BİTMEYEN FINDIK ÇİLESİ

Ağustos güneşi bütün cömertliğiyle buluşanları kavuruyor.Güneşin altında çalışan binlerce insan nafakasını ararken acaba onların dertleriyle Ankara dertleniyor mu ?

Fındık hasadının tüm hızıyla sürdüğü şu dönemde açıklanan fındık fiyatı alınterinin karşılığını karşılayabilecek mi? Hiç zannetmiyorum.

On iki yevmiye harcanarak toplanan iki yüz kilo fındık ve altının temizlenmesi için verilen 200 lira toplandığında bin dört yüz lira gibi bir gider karşımıza çıkıyor. Sekiz liradan tüccara teslim edilen fındıktan elde edilen para bin altı yüz liraya tekabül ediyor. On iki günlük zahmet iki yüz lira için çekilir mi? Bunu tarım bakanı Ahmet Eşref Fakıbaba anlayabilecek durumda mı? Kavurucu güneşin altında bütün benliklerini eriten insanlara bu fiyat mı reva görülür!

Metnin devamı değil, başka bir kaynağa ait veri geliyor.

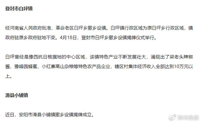 河南两地撤乡设镇

Bölge de özellikle Gürcistan kökenli işçilerin üç beş kuruş kazanmak için fındık bahçelerinde alın teri döktüğü bir ortamda ne çalışan mutlu ne de arazi sahipleri tatmin edici bir gülümseme içerisinde. Herkes zahmetinden çok karşılığını alamayıştan şikâyetçi...

İnsanlarla konuştuğumuzda makul fiyatın en az on beş TL olması gerektiğini söylüyor. Bu fiyatın altında koparılan her çotanak nafile bir uğraştan başka ne işe yarar ?

Çayla fındık arasında bir kıyaslama yaptığımızda hem hasadın rahatlığı hem de elde edilen gelir bakımından fındık çok yetersiz kalıyor. Yıllardır ıstırap çeken fındık üreticisinin usanmaz yarasına kim merhem olacak!

Öyle anlaşılıyor ki 'dünya fındığının yüzde yetmişini biz üretiyoruz' avuntusundan başka bu insanlara fındığın ne faydası var?

Dünyanın odak merkezleri fındıkta esamileri okunmamasına rağmen fındığın ücretinin belirlenmesinde onların etkisini kim yadsıyabilir. Mamul bizde borsa başka yerde olduktan sonra bu şu anlama gelir: davul bizim omsuzumuzda tokmak başkalarının elinde.

Fındığın sadece yüzde otuzu İtalya gibi ülkelerde yetiştirilmesine rağmen fındık üstünde ki bütün tasarrufların Avrupalılarca egemen olması kabullenilebilecek bir şey değildir. Türkiye hızla kendi ürettiği ürüne sahip çıkma mecburiyetindedir. Aksi halde ne üretici ne de fındık işçisi emeğinin karşılığını alamayacaktır. Bu işin düzeltilmesi için sorumlular elini taşın altına koymak durumundadırlar.

Türkiye’de emeğinin karşılığı üzülerek belirtelim ki verilmiyor. Biz yazıyoruz çiziyoruz duyması gerekenler maalesef kemane çalıyor.